Depuis sa conversion à la Réforme, en 1561, Ramus a plusieurs fois été contraint de se réfugier hors de Paris où il ne se sentait plus en sécurité. Il échappe à la troisième guerre de religion en obtenant du roi la permission de s’absenter pour un voyage dans les universités protestantes de Suisse et d’Allemagne. De 1568 à 1570, il visite Strasbourg, séjourne une année à Bâle, se rend à Heidelberg, Francfort, Nuremberg, Augsbourg, Genève et Lausanne. Mais ses tentatives pour obtenir des postes de professeur à Heidelberg, puis à Genève, se soldent par des échecs. Ce voyage, relaté par Freige qui a rencontré Ramus à Bâle et à Fribourg, est aussi bien documenté par sa correspondance. Il montre que l’internationalisation a d’abord été l’œuvre de Ramus lui-même, et que c’est là qu’il faut commencer à rechercher les jalons d’un itinéraire et de relais qui deviendront ceux du ramisme international.

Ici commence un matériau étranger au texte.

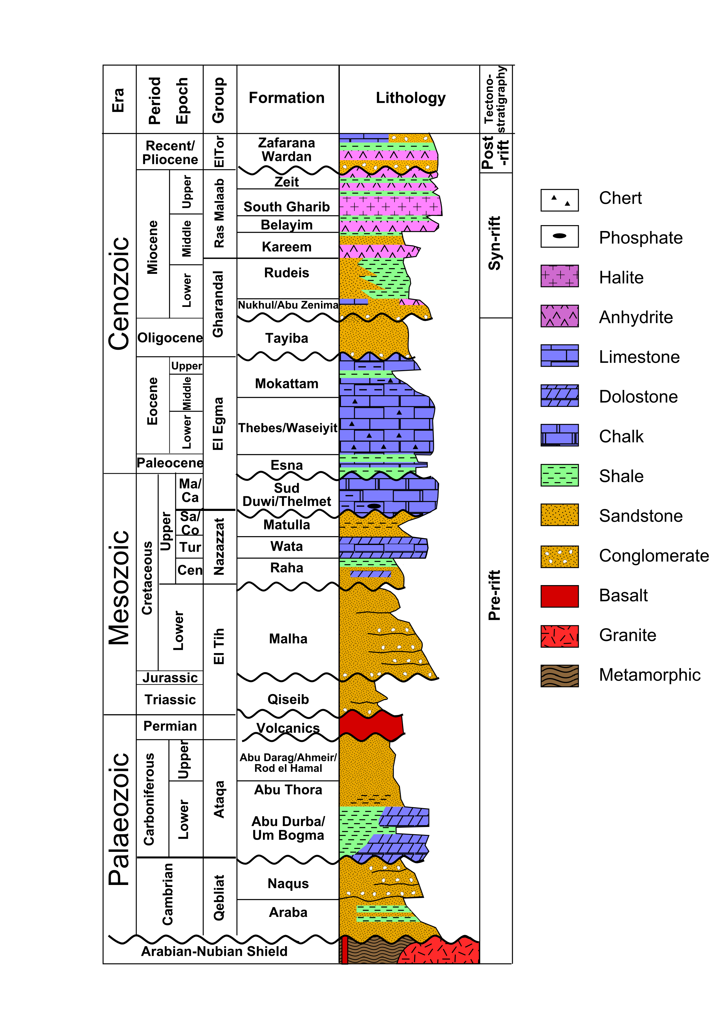 Stratigraphy of the Gulf of Suez rift, modified after Bosworth & McClay (2001)
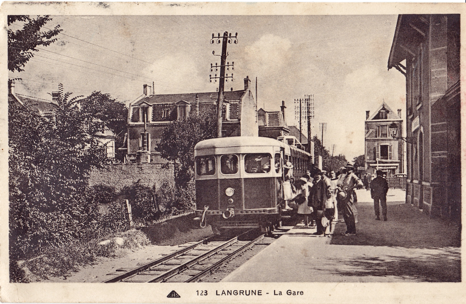 Micheline railcar in Langrune-sur-Mer station.

Ramus, Scholae in liberales artes, 1569 [VCM 4= 6553]

 

« Durant son séjour à Bâle, Ramus met au point avec Episcopius un plan de publication de ses œuvres complètes. Les Scholae in liberales artes de 1569 recueillent en effet la plupart des autres grands textes, notamment philosophiques, de La Ramée. La dialectique n’y est pas intégrée, ni la dialectique avec commentaire » (Bruyère, 1984, p. 22). Il publie aussi les Scholae mathematicae en 1569 et un éloge de la ville de Bâle en 1571.

De la Paix de Saint-Germain au massacre de la Saint-Barthélemy (1570-1572)

Ramus rentre de sa tournée dans les pays protestants dépouillé de son principalat de Presles, mais il obtient une pension royale qui doit lui permettre de terminer la rédaction des arts libéraux et d’étudier la théologie. Depuis longtemps, il a cessé de placer ses ouvrages sous la protection du Cardinal de Lorraine : le Prooemium mathematicum de 1567 est dédicacé à Catherine de Médicis, comme l’est la Grammaire de 1572. Mais Ramus tente de se réconcilier avec le Cardinal dans deux lettres de 1570 (Cuisiat, 1998, p. 27-28). Ses dernières années sont aussi occupées par la politique ecclésiastique. Il réédite la Grammaire française et la Dialectica (1572).

Ramus, Dialectica, 1572 (dernière éd.) [VCM 6= 6590, p. 3]
Ramus, Dialectica, 1572 (dernière éd.) [VCM 6= 6590, p. 2]

 

Cette édition sans praelectiones de la Dialectique est la dernière parue du vivant de Ramus. Son caractère réduit et maniable a fait sa fortune dans l’enseignement de la logique au XVIe et jusqu’au XVIIe siècle. Le terme d’enuntiatum y est systématiquement remplacé par celui d’axioma. Dans l'épître au lecteur (p. 2-3), Ramus explique pourquoi il souhaiterait sur sa tombe une colonne évoquant son institution de l'art logique.

La mort de Ramus, 1867 [ESTAMPES 68. Pièce 2]

La paix semblant revenue en France, de retour à Paris dans son « royaume de Presles », Ramus est assassiné, le troisième jour des massacres de la Saint-Barthélemy, et son corps mutilé est jeté dans la Seine. Ses biographes Banos et Nancel relatent les circonstances de sa mort.